В прошлом мистер Уинтроп зарабатывал на жизнь продажей старинных карт и гравюр, теперь же полностью перешел на ремонт старых часов. Он целые дни проводил в мастерской в задней части дома. Там, не смолкая, играла джазовая музыка, хриплые стоны саксофона перемежались треском старого калорифера, который не выключался никогда, за исключением разве что особенно жаркого лета.
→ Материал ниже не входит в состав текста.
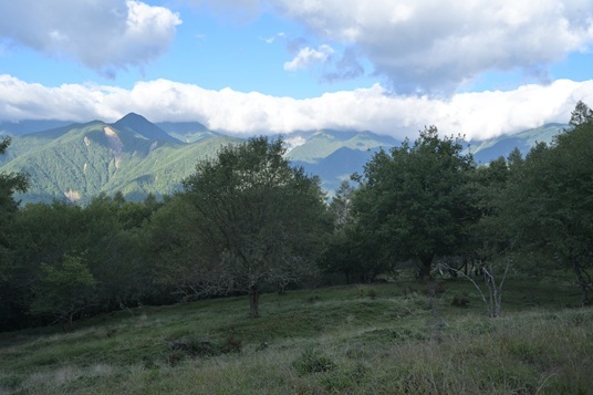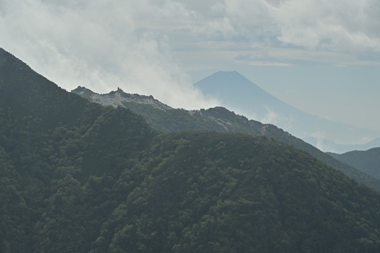 ▼夜叉神峠小屋前に出ると緩やかな尾根路となり見晴らしが得られる
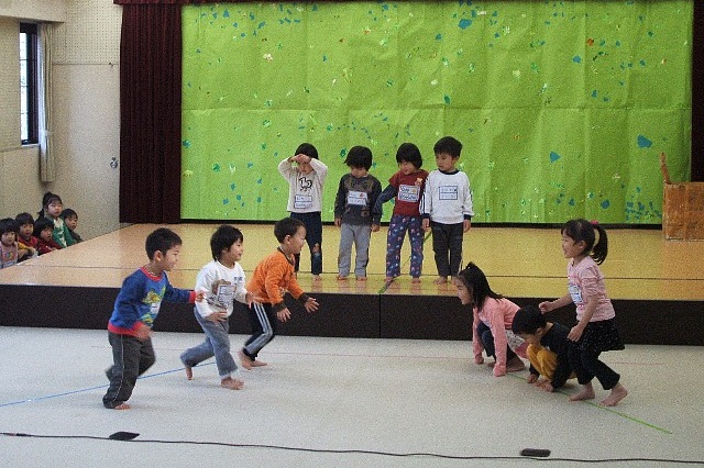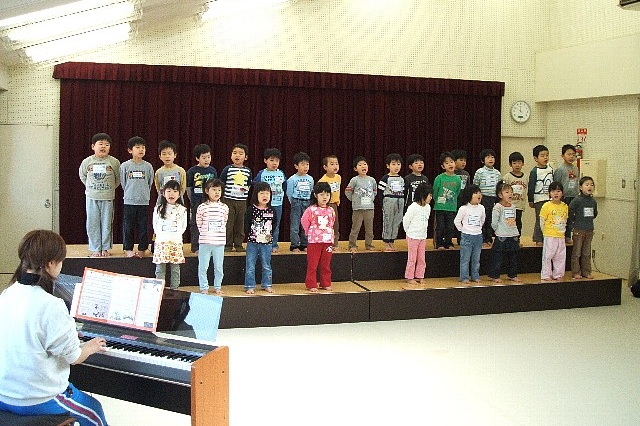 とうとう明日は、生活発表会です。寺内先生が欠席だったので2日間練習していなかった劇をしました。「先生のところまで聞こえるくらい大きな声でね」と言うと、みんな先生がいなくても頑張っていました。いつも間違いやすい所などを再度確認しました。そして明日のお話しをしました。今まで力を合わせて頑張ってきたことを話して、エイエイオー!と声を出して明日の約束をしました。 |

В распоряжение Кейт была предоставлена ниша на промежуточной лестничной площадке. В нише теснились видавшая виды электроплита и растрескавшаяся раковина. Кроме этого, к «удобствам» относилась личная ванная. Впервые заглянув туда, Кейт отшатнулась — ей еще не приходилось видеть санузел в таком запущенном состоянии.
— Кто у вас убирает?!
— Вы, если угодно, — ответил мистер Уинтроп, пожимая плечами.
Все это не умаляло, однако, достоинств самих комнат. Они были на редкость приветливые. Солнце не попадало туда, но света было достаточно. Предыдущий квартиросъемщик почти закончил перекраску зловещих фиолетовых обоев в кремовый цвет. Мебель, хотя и ветхая, была викторианской, солидной, в том числе два глубоких, почти не продавленных кресла. Для пробы присев в одно из них, Кейт представила в другом Джосс: вот они мирно, рядком, сидят перед электрокамином, а на столе ваза с первоцветами…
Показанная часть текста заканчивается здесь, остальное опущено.